Friday at two o’clock—precisely when the second hand fell on neither side of twelve—Clarissa knocked, pushing open the door that I had purposely left ajar. She said, “I’m so sorry.” Clarissa was an apology champion. “Are you all right?” I asked, probing for information I already knew but wanted her to tell me. “Oh yes,” she said, “I couldn’t get a…” She was about to say “babysitter” and then realized it would reveal too much and she changed mid-sentence to “I got tied up and there was no way to reach you.”
“Would you like something to drink?” I offered.
“Do you have a Red Bull?”
Red Bull is a potent caffeine-infused soft drink that turns grown men into resonating vibraphones. Drinking a Red Bull is more impressive to me than drinking a bottle of Scotch. Several years ago after my first Red Bull—which was also my last—I got in marksman position on the living room floor, opened a pack of playing cards, and repeatedly dealt myself poker hands. I computed that good hands came in bunches; that one full house in a shuffle implies a possibility of more full houses. And lousy hands in a shuffle only create the possibility of more lousy hands. So Red Bull was not allowed in my house, only because this little episode lasted nine hours. Clarissa’s request for the caffeine recharge indicated to me that she was going to have to be bucked up if she was going to make it through my session.
“I don’t have any Red Bull but I know who might,” I said.
I excused myself to go to Brian and Philipa’s amid protestations of “you don’t have to” from Clarissa. I peered into her apartment and saw Brian flaked out on the sofa, his jaw hanging open like a drawbridge. I didn’t have the heart to wake him. I came back to see that Clarissa had settled into the easy chair and was staring at the floor. She was wearing a prim pink blouse that made her look so wholesome it was as if Norman Rockwell had painted a pinup. She had a bloom on her cheeks that lied about her real age. Her face had gentle angles, one rosy thing sloping into the next, and it suggested none of the hardness she must have experienced. It seemed as though she were determined to stay innocent, to hang back even though life was dragging her painfully forward. And all my conjecture bore out because she looked up at me and tried to say, “And how are you?” She choked it out but couldn’t continue. She looked down again and I was stymied. I sat. Oh, this was enough to make me love her, because I was right with her, understanding every second and longing to step in. I didn’t even need to know the specific that was troubling her, because to me her halting voice easily stood for the general woe that hangs in the air, even on life’s happiest days.
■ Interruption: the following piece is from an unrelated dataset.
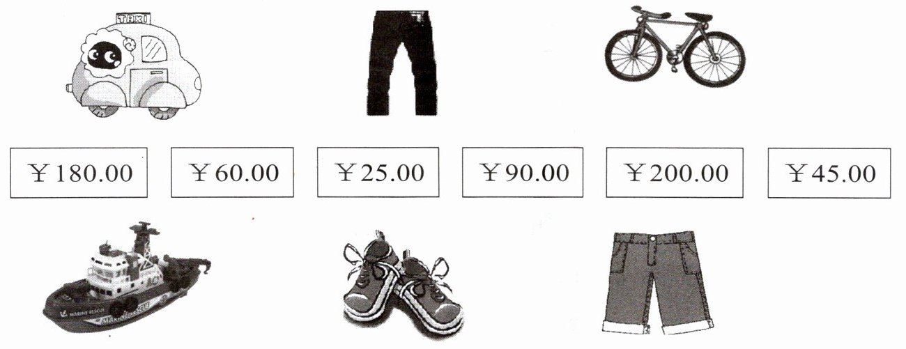 Ⅵ. Let's help. 你看,粗心的售货员把物品的价码弄乱了,你能按照下面的提示帮他将物品与其价格连线吗?

Clarissa didn’t apologize for her broken voice, which meant that she was, in these few moments, being personal with me. Her apologies were a way of maintaining distance and formality. She turned toward the window and braced herself up a few inches to see the sidewalk. I knew that soon I would manoeuvre myself into position to see what she was looking at. Everything seemed to be okay and she turned back to me with an empty sigh. “Sometimes,” she said, “I feel like I’ve been to heaven and been brought back to earth. I’ve seen how things should be and now I’m here seeing how things really are.” Her head glanced around again.
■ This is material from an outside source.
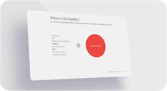 Where is the liability? In a massively disaggregated industry, there are many parties that might touch a problem at some point Landlord IRS Market counterparties Auditor Bernie Madoff Microsoft Excel SEC Phone company Suspicious peers Benedict Evans –– January 2020 92
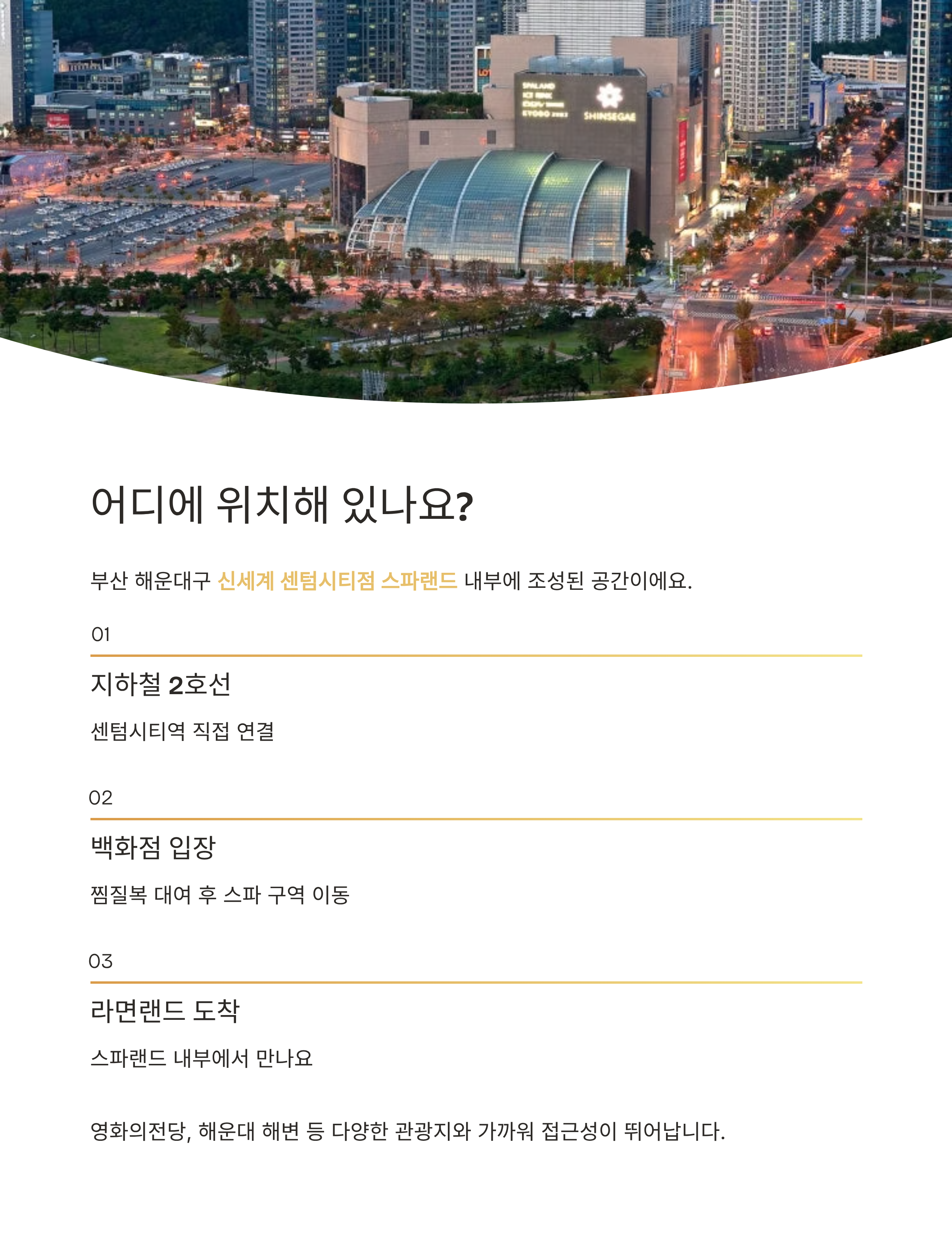 센텀시티는 영화의전당, 해운대 해변 등 다양한 관광지와 가까워 라면랜드 방문 전후로 다양한 스팟을 함께 즐길 수 있는 이점도 있어요.

I got up, folded my hands across my chest, and leaned against the wall. I could see the raven-haired woman on the street, hand in hand with the boy—the same boy I had seen her with at the mall—and I wondered why Clarissa, if she had someone to watch her child, would have them tag along on her work rounds. As I listened to Clarissa and watched the plotless drama on the street, I noted a black Mercedes turn the corner and cruise by. I noted it because it was the second time I had seen it in less than a minute and it was significantly under speed. This second time it passed, the raven-haired woman saw it and took a few steps back. The car slowed to a stop, then reversed itself. Clarissa saw me looking out the window and she rose and turned to me, scared. The car was now stopped in the street, carelessly angled. The driver got out of the car and left the door open, approaching the woman and child. He was groomed like a freshly cut lawn. A trim beard framed his face; close-cut grey sideburns fringed his bald head. His suit was well cut and dark and set off by a stark white shirt. I could hear him yelling and cursing. He was wound tight and unwinding rapidly in front of us.
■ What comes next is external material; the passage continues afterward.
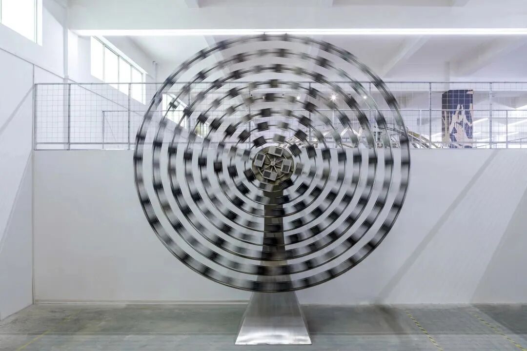 艺术家刘展将180部半导体收音机组成了一个不停旋转的巨大的轮盘,每部收音机锁定一个短波波段释放着来自远方的声音。

A horrible chain reaction occurred. The man, who looked like an Armani-clad Mussolini, increased his screaming and made his hand into a beak and began poking at the woman like an angry swan. She was knocked unsteady with each jab but defended herself with angry, equal shouts. But the man lost control and pushed her too hard. She lurched back, tripping. But she was holding the hand of the boy and as she fell, he fell with her. With this blow the chain reaction became uncontained, entering my apartment. I felt the shove that drove the boy to the ground and experienced his terror at the noise and violence. I was down the steps running toward the scene, hearing Clarissa screaming and running behind me, hearing Tiger barking from Philipa’s window. I took the steps in threes as the legendary slow-motion of panic set in and turned seconds into minutes. I wondered, in these moments while time stretched itself, why I could not step off a curb but stairs did not present a problem. Why could I not rename the curb to stair step and be on my way? Why do I see the light from a lamp as a quantity and not as a degree? Because it was written on the bulb, that’s why. I suddenly knew what my enabler was: language. It was my enemy. Language allowed me to package similar entities in different boxes, separate them out, and assign my taboos. I was at the bottom of the stairs when time caught up to itself. A child’s scream broke my thoughts; chaotic and angry voices jarred me. I heard my breath gasp and heave as I turned and headed toward the lawn.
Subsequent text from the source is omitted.